再会(4)
*
ニコルは母親と同じく、とても気持ちのいい人だった。
舞よりもふたつ年下の、十七歳だと言う。馬にはあまり慣れていないようで、二日目の夜に馬を止めた時には、初日にも増して蒼白な顔をしていた。申し訳ないと舞は思った。こんな強行軍が初仕事だなんて、さぞ辛いだろうに、ニコルは一言も弱音を吐かなかった。それどころか馬を降りたらすぐに、よろよろと薪を拾いに行くのだった。なんてけなげなんだろう。本当に、モリーの息子という感じだ。ガルテの薬が少しでも役に立つといいのだが。
「ニコルはすごいねえ……」
思わずその背中を見て呟くと、アルガスが頷いた。
「たいしたものだ」
「根性はあるよ、確かにな」ノーマンが言った。「『まだら牛』で、俺ら四人とバーサの間に割り込もうとしたもんな」
「何それ?」
「いや、バーサをちょっと威嚇したのさ、俺達が」
「威嚇、したの?」
「威嚇というか、警戒というか。まあ杞憂だったんだけどな。そしたらあいつ、ろくに剣も使えねえくせに、バーサを庇おうとした。勝ち目なんかねえってわかっているだろうにな。そうでもなきゃいくら便宜を図るっつったって、グウェリンがあんたの前に連れてまではこねえよ」
「ふうん……モリーが言ってた、よ」敬語を使うなと釘を刺されているので、舞は気をつけて言葉を選んだ。「恐れ多いことだけど、代表のご子息なんかより、ニコルの方がよっぽど良くできてるって。確かにそうだ、比べるのも失礼なくらいだ。でもどうして、モリーのことをニコルに話しちゃいけないの? モリーは近々エスメラルダを目指すんだから、このまま一緒にきたら、遠からずばれるよ」
「まあそうなんだが。母親のお陰で便宜を図られるというのは、本人には嫌なものじゃないだろうか」
アルガスが言い、そういうものかなと舞は思う。

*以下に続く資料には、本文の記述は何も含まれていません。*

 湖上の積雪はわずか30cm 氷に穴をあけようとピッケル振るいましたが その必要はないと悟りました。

よくわからないけれど、そういうものかもしれない。
それならモリーに会った時に、口止めした方がいいのだろうか。
今日はフェリスタが水を汲みに行き、グリスタとジェスが周囲を見回っている。アルガスとノーマンがその間、舞のそばについている、ということらしい。そして昨日のとおりなら、たき火をして湯を沸かして食事の支度をする間に、今舞のそばについているふたりが全員の馬に水を飲ませ、草のあるところへつなぎに行くのだ。いつの間に役割を決めるのか、昨日から気をつけているのにちっともわからない。流れ者というのは本当に大変だ。暗黙の了解が多すぎる。流れ者になるのにまず作法を習おうとしたルーウェンは、きっとそういうことがよく分かっていたのだろう。だから、ニコルにもこの機会が得られたのはいいことだったのかもしれないと、思おうとした。もう少しやんわりとした初仕事だったなら、もっとよかったのだろうけれど。

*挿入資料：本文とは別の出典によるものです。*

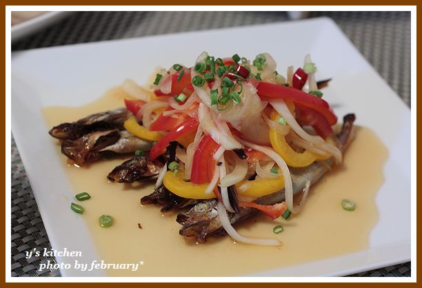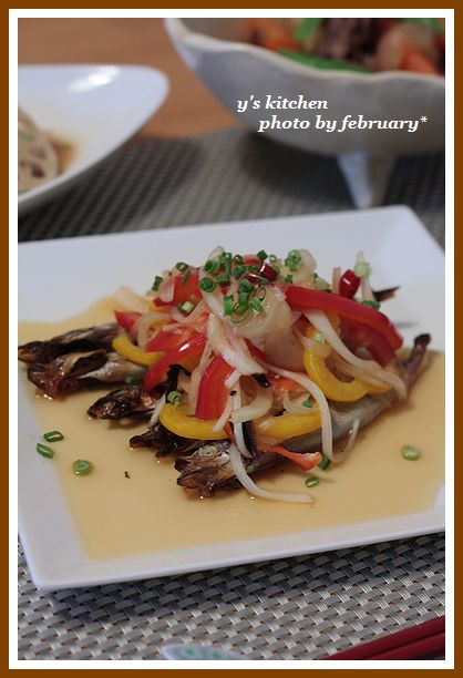 アツアツ の ししゃも を 甘酢に ドボン と 漬けていきます。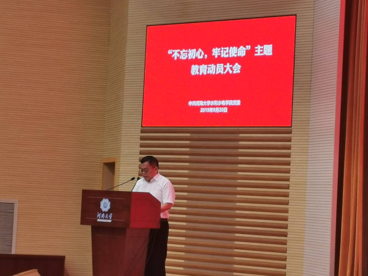 开展“不忘初心、牢记使命”主题教育是党中央的重大决策部署,全院党员、干部一定要认真学习贯彻,切实提高对开展主题教育重要性、迫切性的认识,着力加强组织领导、精准压实工作责任、持续改进工作作风,高质量地推进主题教育各项任务的落实,高水平统筹好主题教育与学校当前改革发展建设各项工作,确保主题教育取得实实在在的成效,以更加优异的成绩迎接新中国成立70周年。(胡瑞媛)

それにしても居心地が悪い。自分も薪を拾ったり水を汲んだり、馬に水を飲ませたりしにいきたいが、それは昨日寄ってたかって止められている。確かに護衛の対象がうろうろ動き回っては邪魔でしょうがないだろう。仕方なく舞は伸びをした。全身をほぐして、伸ばして、軽い体操をした。こういう点はひとり旅の方が気楽だと思ったが、それよりも、今は、話し相手がいることが嬉しかった。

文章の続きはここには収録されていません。